Media matters – then and now

By Joe Coffey / The Fifth Estate

[Ed. note: This is the first edition of a new monthly media column by CBJ contributor Joe Coffey.]

Nearly 15 years ago, the Corridor Business Jour­nal’s first issue debuted, along with its first col­umn devoted to the business of media. CBJ founders John and Aspen Lohman knew the me­dia landscape was turning inside out, and felt it worth paying attention to via a weekly column.

2004 was a time for exploring new platforms, new ways to communicate en masse and new marketing opportunities here in the Corridor and everywhere else.

The column was called “The Fifth Estate,” which was a reference to the U.S. media’s role as a fourth estate, serving the public while watching over our country’s three branches of government.
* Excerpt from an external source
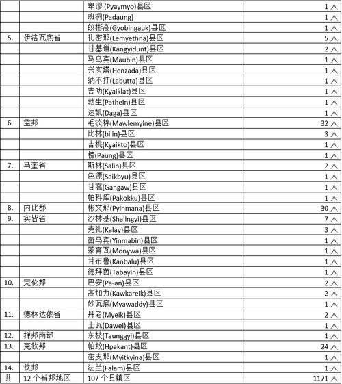 缅甸卫生暨体育部10月20日下午6时发出公告,通告10月19日这一天发现的1171名确诊者的一些情况。这1171名确诊者来自14个省邦地区,他们所属的县镇地区如下:

Someone has to watch over the media as it watch­es over and reports on the government, right?

I authored that first media column and went on to make a habit of taking our local TV stations and newspapers to task when they did something poorly. As a former news anchor for KCRG and a Ph.D. student in journalism and mass communi­cation at the University of Iowa, I did my best to apply an ombudsperson’s eye to our local media while shedding light on the evolving role, power and rights of media consumers.
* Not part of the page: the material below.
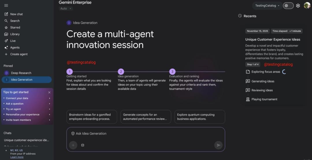 具体来看,Gemini for Enterprise的多智能体系统会首先接收主题与评估标准,大规模生成初始创意(100+)。

I would go on to write 134 Fifth Estate columns. Over that time, I examined the ridiculousness of local TV news “sweeps” reporting that sought to boost Nielsen ratings. I wrote about sticky issues involving The Gazette and the Press-Citizen. I ex­amined how William Shatner punk’d our local media with his Riverside reality show ruse, and shed light on KGAN parent Sinclair Broadcast Group’s reputation. I explored why local print news was doing so poorly online. I celebrated that local radio wasn’t dead yet. I even dinged the CBJ a time or two when it was warranted.

The column covered much more than local media happenings, of course — a scope necessi­tated by the fact that the CBJ launched in argu­ably the most significant year in the history of modern media.
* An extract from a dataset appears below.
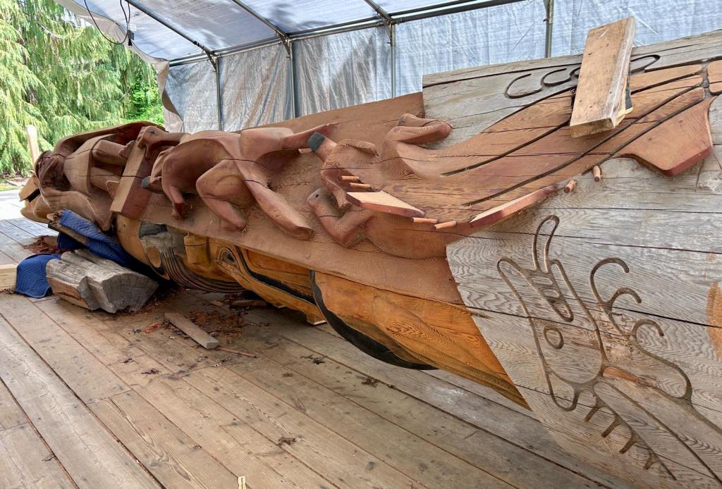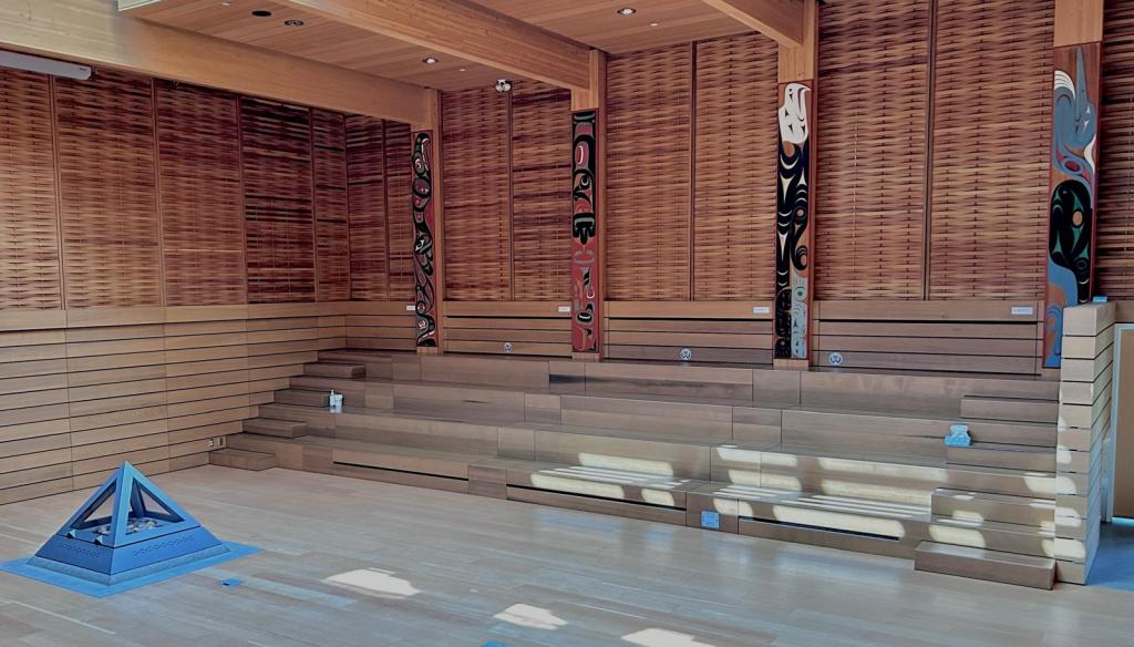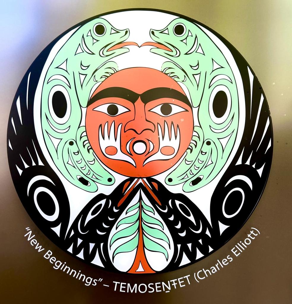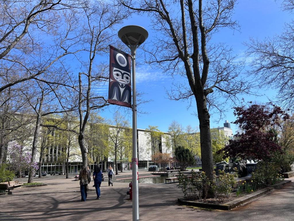 L’université de Victoria est installée sur un territoire indigène que les colons ont largement dominés (et je suis gentil) depuis le début de 19e siècle. Si vous avez suivi l’actualité : en mai 2021, il y a eu la découverte des restes de 215 corps d’enfants enterrés dans une fosse commune du pensionnat autochtone de Kamloops, en Colombie-Britannique ce qui a ravivé la blessure de cette page sombre de l’histoire canadienne. Quelques 150 000 enfants ont été scolarisés dans ces 139 pensionnats majoritairement catholiques entre 1831 et 1996. https://atlasdespeuplesautochtonesducanada.ca/article/l%E2%80%8Ahistoire-des-pensionnats-indiens-du-canada/. En 2015, le résultat de la commission indépendante du Gouvernement Canadien dite de vérité et de réconciliation a conclu « que le système scolaire des missionnaires équivalait à un génocide culturel ». Dès lors, dans toute la Colombie Britannique, la reconnaissance territoriale est une déclaration officielle qui établit la relation historique des peuples autochtones avec le territoire sur lequel nous nous trouvons actuellement. C’est une façon de faire preuve de respect pour leur présence passée et actuelle.

MySpace had debuted that January. A month later, the Super Bowl’s halftime show broadcast the infamous “wardrobe malfunction,” making Janet Jackson the most searched term, event and image in internet history. Ms. Jackson’s breast was quickly the most recorded and re-watched thing in Tivo’s history. In fact, the fervor to somehow deliver access to such a video clip on demand is what gave Jawed Karim the idea to co-create YouTube a year later.

Harvard sophomore Mark Zuckerberg launched the first iteration of Facebook on Feb. 1, 2004. A few days later we learned there weren’t any actual weapons of mass destruction, while 60 Minutes II got duped into perpetuating false news about President George W. Bush’s service in the Texas Air National Guard based on forged documents — and this was before the term “fake news” was commonplace.

Thanks to the internet, we were able to take our desire for gritty news, community and news-re­lated humor into our own hands. Strange photos from Abu Ghraib prison awaited. The fast-mov­ing legalization of gay marriage was being orga­nized online. Howard Dean’s strange whoop got replayed and remixed into internet death territo­ry, taking his presidential candidacy with it.

We were completely enthralled by what the in­ternet could do for us, or perhaps to us. It’s only fitting that Google went public in 2004, right after Barack Obama delivered the Democratic National Committee keynote that launched the rising political star’s trajectory even higher. We haven’t questioned the internet’s version of high ROI with a quick turnaround since. In fact, we crave and depend on it.

I’m honored to write about media happen­ings for the CBJ again. I’ll argue that we’re facing another 2004-type of year in terms of changing media consumption needs and perhaps more watershed moments and technologies that could change everything. Media audiences are the prod­ucts now. Media-churned truths and facts are not only subjective, but highly questionable from the start. The next platforms are being designed with­in a framework of planned obsolescence. What happens when acts of journalism can’t even get noticed on the dominating “smart” devices that are increasingly engineered to merely trigger do­pamine loops? The Fifth Estate is needed now more than ever.

Joe Coffey is the owner of Coffey Grande Studios.